FYI: how I got CUDA 2.2 set up on an Ubuntu 8.04 cluster server

I spent a few hours collecting this information from a few places today, and thought I’d share it with the forum. This is for setting up a console-mode only server with multiple cards, using the new 2.2 exclusive access feature.

TO INSTALL CUDA ON AN UBUNTU CLUSTER SERVER:

Follow NVIDIA’s Ubuntu Linux instructions to install the driver and toolkit (and optionally the SDK). Expect difficulties with making sure the driver is running and that the necessary /dev/nv* devices are being created at system startup. Instructions below will sort that out.

(1) Set Ubuntu to boot to console mode only.

> sudo vi /etc/X11/default-display-manager
* Comment out the line containing "gdm".
* Create a new line consisting of the word "false" (no quotes).

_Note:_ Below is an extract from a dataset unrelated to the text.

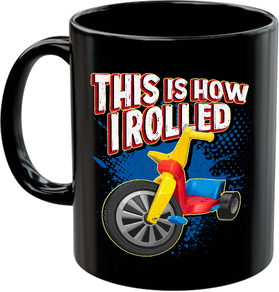 The Big Wheel tricycle was extremely popular in the 1970s and 1980s because of its incredible design and its low-riding center of gravity, which made it safer by reducing the risk of tipping over. Kids loved their Big Wheel because it felt like a race car, and the big front wheel allowed for fun skidding and fast turns. Let everyone know you are a fan of the tricycle that plays hard and plays safe with this 15 ounce This Is How I Rolled Coffee Mug!

(2) Create a script that will create the necessary /dev/nv* devices on startup.

> cd /etc/init.d
> sudo vi nvidia_create_devices
* Paste in the script below.
* Edit the script to make sure the number of "nvidia-smi -g" commands matches the number of devices.
* Save the script.
> sudo chmod a+x nvidia_create_devices

(3) Make sure the script gets run at startup.

> sudo update-rc.d nvidia_create_devices defaults

========================
== Script: nvidia_create_devices ==

#!/bin/bash

PATH=$PATH:/usr/local/cuda/bin

modprobe nvidia

if [ “$?” -eq 0 ]; then

Count the number of NVIDIA controllers found.

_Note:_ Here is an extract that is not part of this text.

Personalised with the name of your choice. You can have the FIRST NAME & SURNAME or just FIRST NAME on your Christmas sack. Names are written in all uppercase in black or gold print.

N3D=/usr/bin/lspci | grep -i NVIDIA | grep "3D controller" | wc -l
NVGA=/usr/bin/lspci | grep -i NVIDIA | grep "VGA compatible controller" | wc -l

N=expr $N3D + $NVGA - 1
for i in seq 0 $N; do
mknod -m 666 /dev/nvidia$i c 195 $i;
done

mknod -m 666 /dev/nvidiactl c 195 255

nvidia-smi --loop-continuously --interval=60 --filename=/var/log/nvidia-smi.log &
nvidia-smi -g 0 -c 1
nvidia-smi -g 1 -c 1
nvidia-smi -g 2 -c 1
nvidia-smi -g 3 -c 1

else
exit 1
fi

========================

Useful! Thanks.